■ Work to be completed ■
Everything in the listing below should be written out again exactly, except the pictures.

■ Source data ■
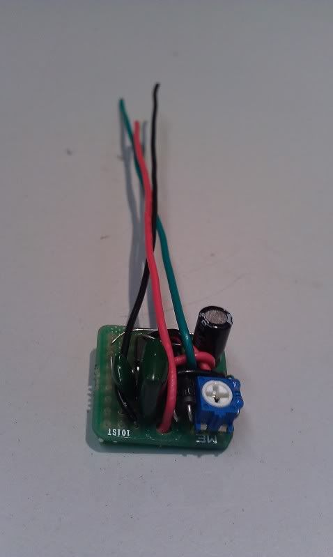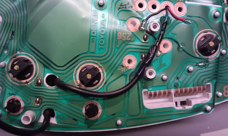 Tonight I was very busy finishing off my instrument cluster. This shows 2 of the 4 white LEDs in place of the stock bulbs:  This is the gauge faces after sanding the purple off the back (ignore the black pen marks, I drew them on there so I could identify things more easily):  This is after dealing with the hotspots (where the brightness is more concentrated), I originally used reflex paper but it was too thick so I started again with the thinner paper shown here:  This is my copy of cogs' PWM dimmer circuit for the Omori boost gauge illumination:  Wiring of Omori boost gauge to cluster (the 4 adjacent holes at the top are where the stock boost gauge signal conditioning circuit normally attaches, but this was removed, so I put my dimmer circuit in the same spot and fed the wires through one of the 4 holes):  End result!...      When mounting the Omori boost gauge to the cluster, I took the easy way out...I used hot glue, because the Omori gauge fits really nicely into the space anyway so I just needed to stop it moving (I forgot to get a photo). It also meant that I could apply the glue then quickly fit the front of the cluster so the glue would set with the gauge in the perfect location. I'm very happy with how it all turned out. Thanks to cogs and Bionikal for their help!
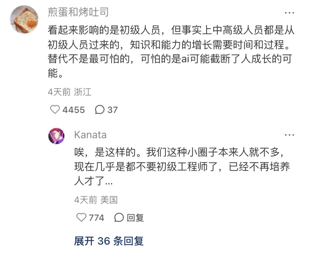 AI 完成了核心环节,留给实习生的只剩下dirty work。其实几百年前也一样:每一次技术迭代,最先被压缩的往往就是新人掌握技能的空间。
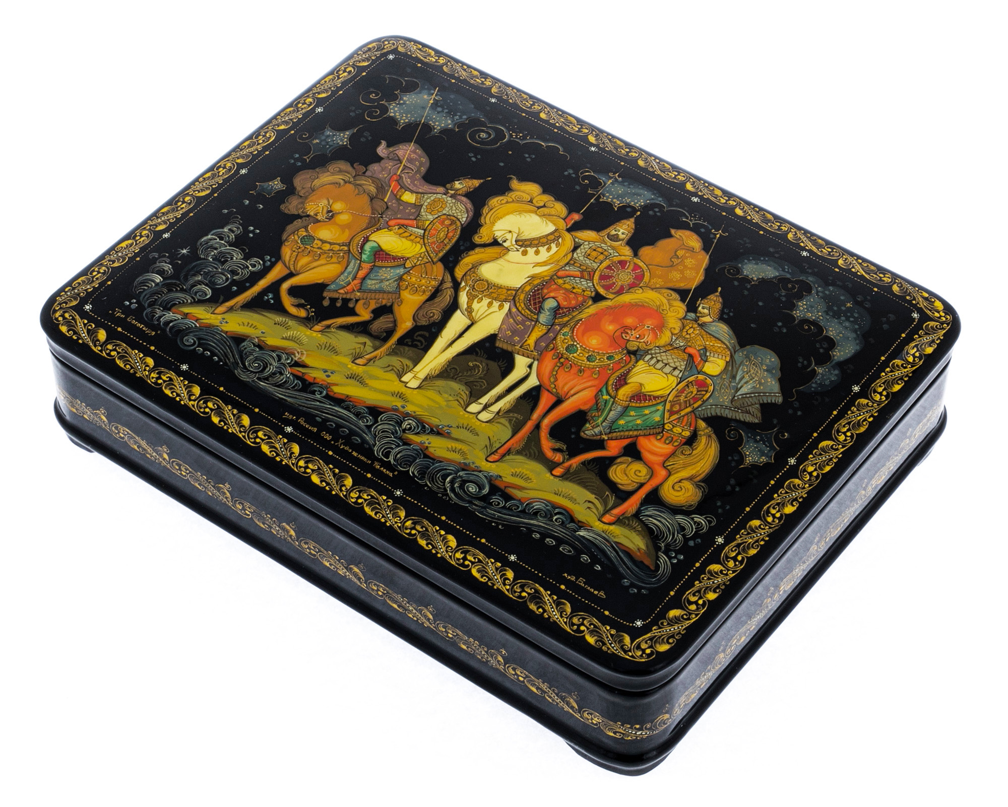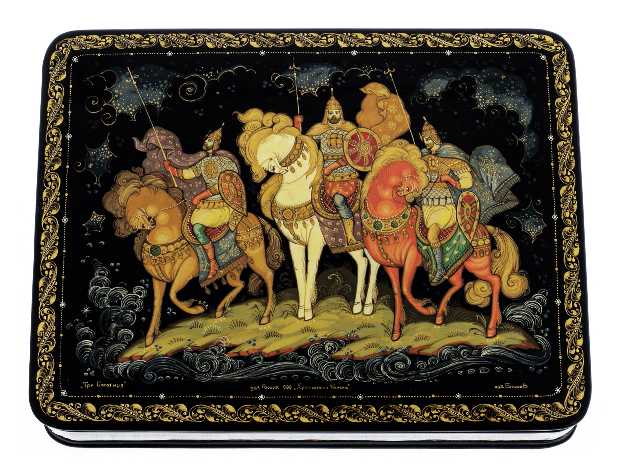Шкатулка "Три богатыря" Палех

■ Answer to this exercise ■
 Tonight I was very busy finishing off my instrument cluster. This shows 2 of the 4 white LEDs in place of the stock bulbs:  This is the gauge faces after sanding the purple off the back (ignore the black pen marks, I drew them on there so I could identify things more easily):  This is after dealing with the hotspots (where the brightness is more concentrated), I originally used reflex paper but it was too thick so I started again with the thinner paper shown here:  This is my copy of cogs' PWM dimmer circuit for the Omori boost gauge illumination:  Wiring of Omori boost gauge to cluster (the 4 adjacent holes at the top are where the stock boost gauge signal conditioning circuit normally attaches, but this was removed, so I put my dimmer circuit in the same spot and fed the wires through one of the 4 holes):  End result!...      When mounting the Omori boost gauge to the cluster, I took the easy way out...I used hot glue, because the Omori gauge fits really nicely into the space anyway so I just needed to stop it moving (I forgot to get a photo). It also meant that I could apply the glue then quickly fit the front of the cluster so the glue would set with the gauge in the perfect location. I'm very happy with how it all turned out. Thanks to cogs and Bionikal for their help!
 AI 完成了核心环节,留给实习生的只剩下dirty work。其实几百年前也一样:每一次技术迭代,最先被压缩的往往就是新人掌握技能的空间。
Шкатулка "Три богатыря" Палех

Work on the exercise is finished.